March 8, 2018 Mark Zimmermann Catholic News Service
WASHINGTON – Cardinal Donald W. Wuerl has called on all parishes and individual Catholics in the Washington archdiocese to help expand and strengthen the Catholic Church’s marriage and family outreach, guided by Pope Francis’ apostolic exhortation “Amoris Laetitia” (“The Joy of Love.”)
He was joined at a special Mass March 4 at the Cathedral of St. Matthew the Apostle by families from throughout the archdiocese for the release of his broad and detailed pastoral plan for implementing “Amoris Laetitia” at the parish level.
After Mass, the cardinal personally greeted the families in attendance – they represented the archdiocese’s 139 parishes in Washington and surrounding Maryland – and handed them copies of the plan, titled “Sharing in the Joy of Love in Marriage and Family.”
Cardinal Wuerl in his homily invited local Catholics to join in that work. He said hoped the gesture of handing the plan to the families after Mass “will be a sign of the commitment of each parish to renew its efforts to share the joy of marriage and family life.
He said he also hope it would show the archdiocese’s “dedication to try to be there for all who may be facing difficulties, so that we – as Christ’s church – can accompany them on the journey.”
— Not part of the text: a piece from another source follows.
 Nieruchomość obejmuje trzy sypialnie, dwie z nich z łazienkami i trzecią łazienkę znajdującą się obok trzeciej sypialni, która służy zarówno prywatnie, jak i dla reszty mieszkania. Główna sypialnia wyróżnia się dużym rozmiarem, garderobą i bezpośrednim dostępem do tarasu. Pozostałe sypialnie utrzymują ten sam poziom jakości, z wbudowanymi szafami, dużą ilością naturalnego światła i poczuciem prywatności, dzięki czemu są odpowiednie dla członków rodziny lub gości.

An archdiocesan statement said the cardinal’s pastoral plan is the first of its kind to implement “Amoris Laetitia” at the parish level.
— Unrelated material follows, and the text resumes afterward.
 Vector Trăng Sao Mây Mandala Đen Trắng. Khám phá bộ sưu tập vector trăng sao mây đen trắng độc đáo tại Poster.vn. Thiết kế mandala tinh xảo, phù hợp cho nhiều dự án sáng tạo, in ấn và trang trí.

The cardinal’s plan summarizes teaching on marriage and family life found in “Amoris Laetitia”; examines challenges faced by couples and families in contemporary culture; emphasizes Pope Francis’ call to accompany people where they are; offers specific ways that people at parishes can reach out to families in many different circumstances; and lists resources to support people in all stages of married and family life.
In his homily, Cardinal Wuerl noted how in that day’s Gospel reading, Jesus offered “gentle and consistent accompaniment” to the Samaritan woman at the well who had been married many times, an encounter that helped her experience Christ’s love and changed her life. The cardinal said Pope Francis uses the story of that woman to illustrate how people who might be distant or detached from God on their life’s journey can experience God’s love when someone offers them patient accompaniment.
When carried out through the church’s pastoral ministry, such accompaniment, he said, “helps move us beyond hearing the Word, to come to understand it, to appreciate it, to appropriate and live it.”
That reality, he said, underscores the call for Catholics to reach out people where they are and accompany them, and motivated him to issue the pastoral plan to strengthen marriage and family life.
The pastoral plan spells out ways that parish priests, staff and volunteers can support married couples and families. It lists ways they can reach out to engaged and newly married couples; young families; older couples and adults; and families in special circumstances – immigrant families, military families; families with members who have special needs; people in ecumenical and interfaith marriages, single parents and families of divorce, and families with loved ones who identify with same-sex attraction.